Information provided
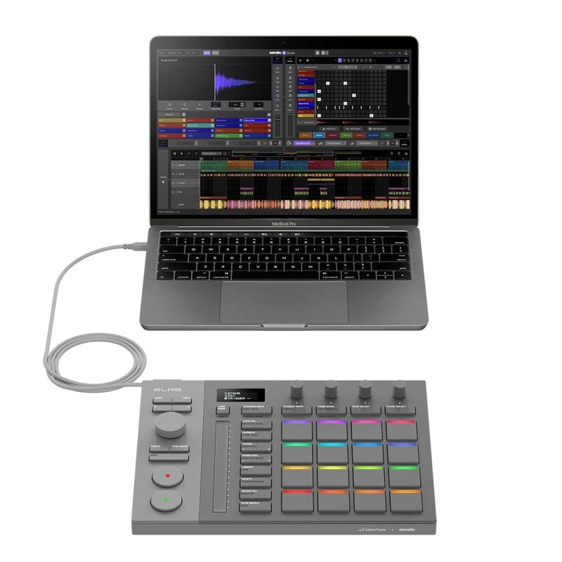 SLABはA4サイズ以下の薄型コンパクトな筐体で、自宅やカフェなどどこでも快適なスタジオ環境を提供します。2トーングレーカラーはどこへでも持ち出したくなる軽やかな印象を与えるとともに、直感的な操作のための機能グルーピングを実現。AlphaTheta製DJ機器でおなじみの円形PLAY/RECボタンや、Serato StudioやSerato Sampleのサンプルクリップを想起させるイルミネーションバーなど、細部まで配慮されたUIが制作と演奏をサポートします。さらに、本体カラーに合わせたグレーのUSB Type-Cケーブルを同梱。L字型端子により、省スペース環境でもスマートで柔軟な設置を可能にしています。
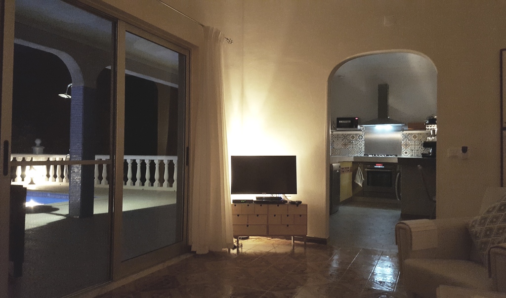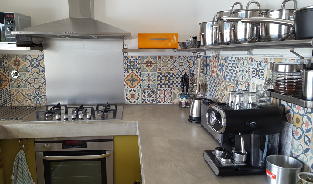 You have access to a living room of 6x6 meters, with traditional tiles on the floor that face south. There is ample seating, with a large (sliding) window, a screen door, and access to the south-facing terrace and view of the pool. A strong ceiling fan provides any necessary cooling. There is WiFi and satellite TV with many Dutch and foreign channels.
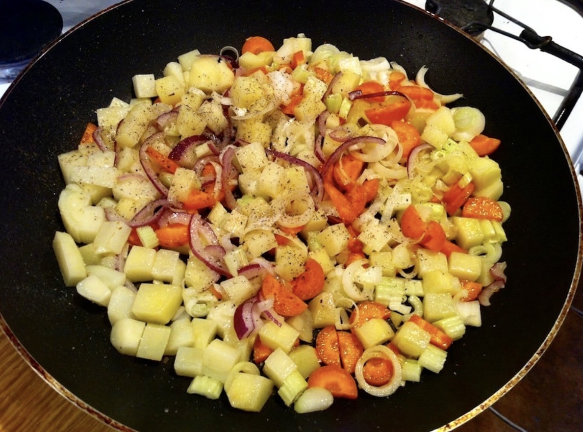 Podsmażanie: Na patelni rozgrzej olej, a następnie wrzuć pokrojone warzywa (ziemniaki, marchew, cebulę, pora, selera). Dopraw solą i pieprzem, a następnie duś na wolnym ogniu przez ok. 5–7 minut, aż lekko zmiękną.
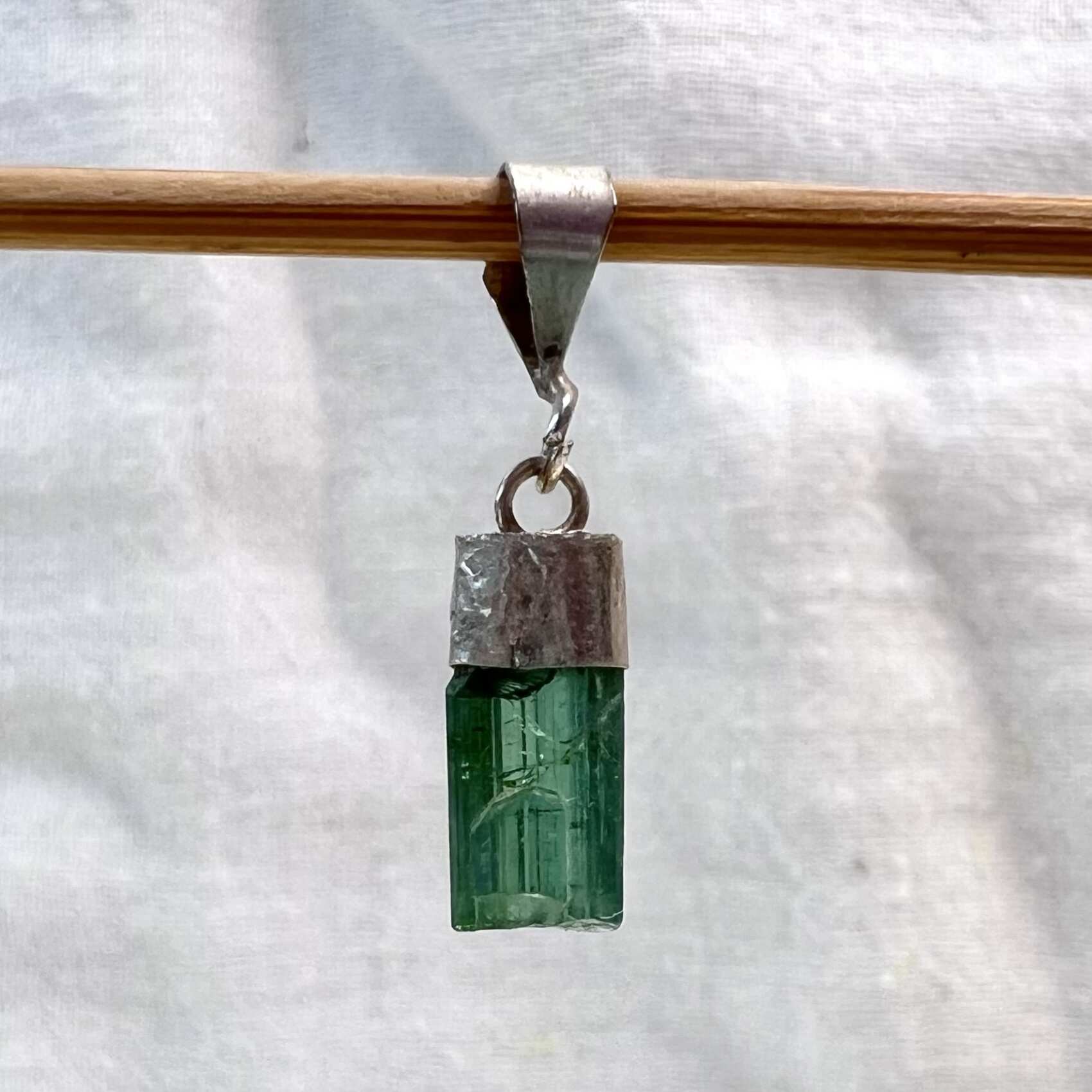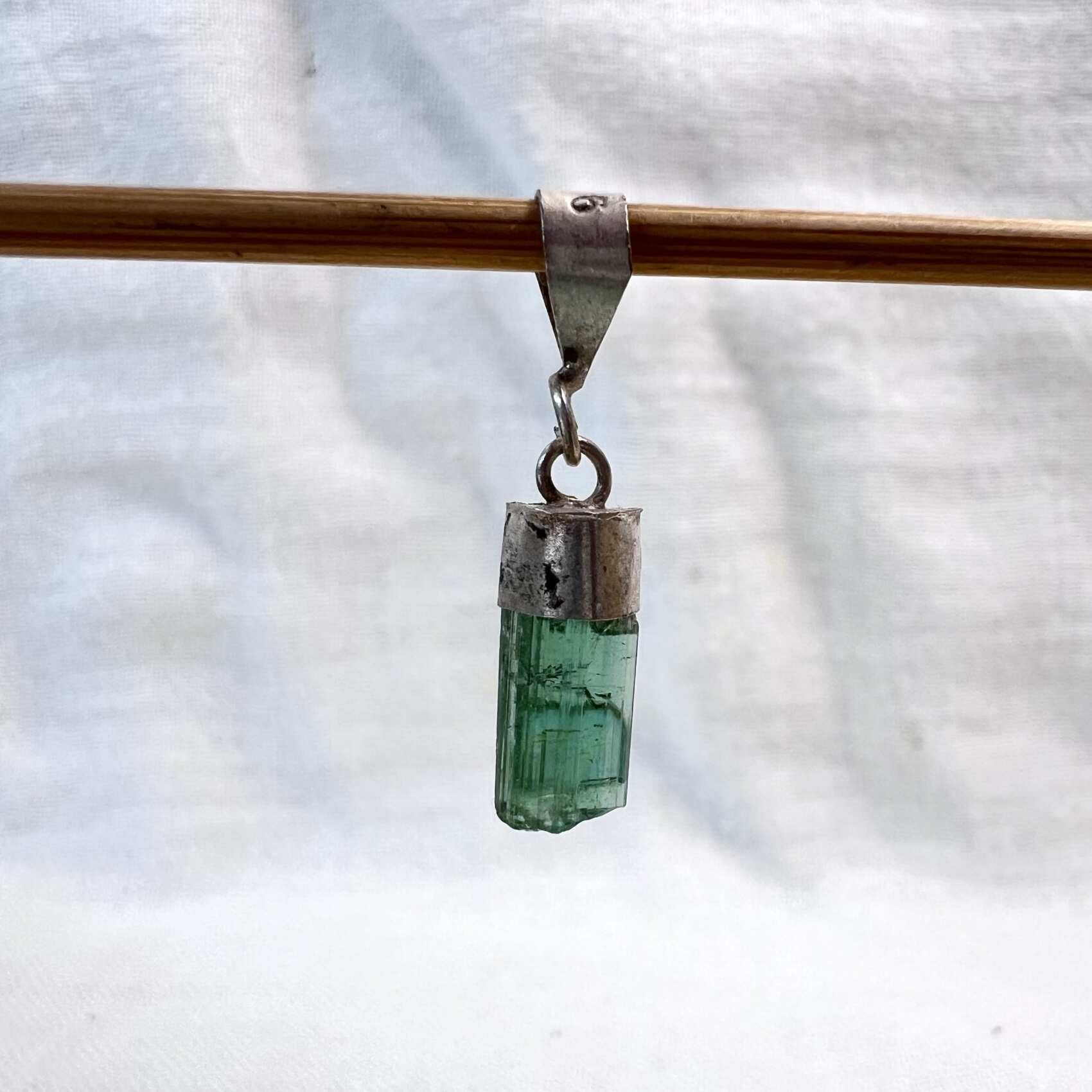 A translucent green tourmaline pendant simply set in 925 silver to show case the beauty of this natural gem.

Try it
Reproduce the whole listing above character for character; pictures do not belong in it.

Exercise output
 SLABはA4サイズ以下の薄型コンパクトな筐体で、自宅やカフェなどどこでも快適なスタジオ環境を提供します。2トーングレーカラーはどこへでも持ち出したくなる軽やかな印象を与えるとともに、直感的な操作のための機能グルーピングを実現。AlphaTheta製DJ機器でおなじみの円形PLAY/RECボタンや、Serato StudioやSerato Sampleのサンプルクリップを想起させるイルミネーションバーなど、細部まで配慮されたUIが制作と演奏をサポートします。さらに、本体カラーに合わせたグレーのUSB Type-Cケーブルを同梱。L字型端子により、省スペース環境でもスマートで柔軟な設置を可能にしています。
 You have access to a living room of 6x6 meters, with traditional tiles on the floor that face south. There is ample seating, with a large (sliding) window, a screen door, and access to the south-facing terrace and view of the pool. A strong ceiling fan provides any necessary cooling. There is WiFi and satellite TV with many Dutch and foreign channels.
 Podsmażanie: Na patelni rozgrzej olej, a następnie wrzuć pokrojone warzywa (ziemniaki, marchew, cebulę, pora, selera). Dopraw solą i pieprzem, a następnie duś na wolnym ogniu przez ok. 5–7 minut, aż lekko zmiękną.
 A translucent green tourmaline pendant simply set in 925 silver to show case the beauty of this natural gem.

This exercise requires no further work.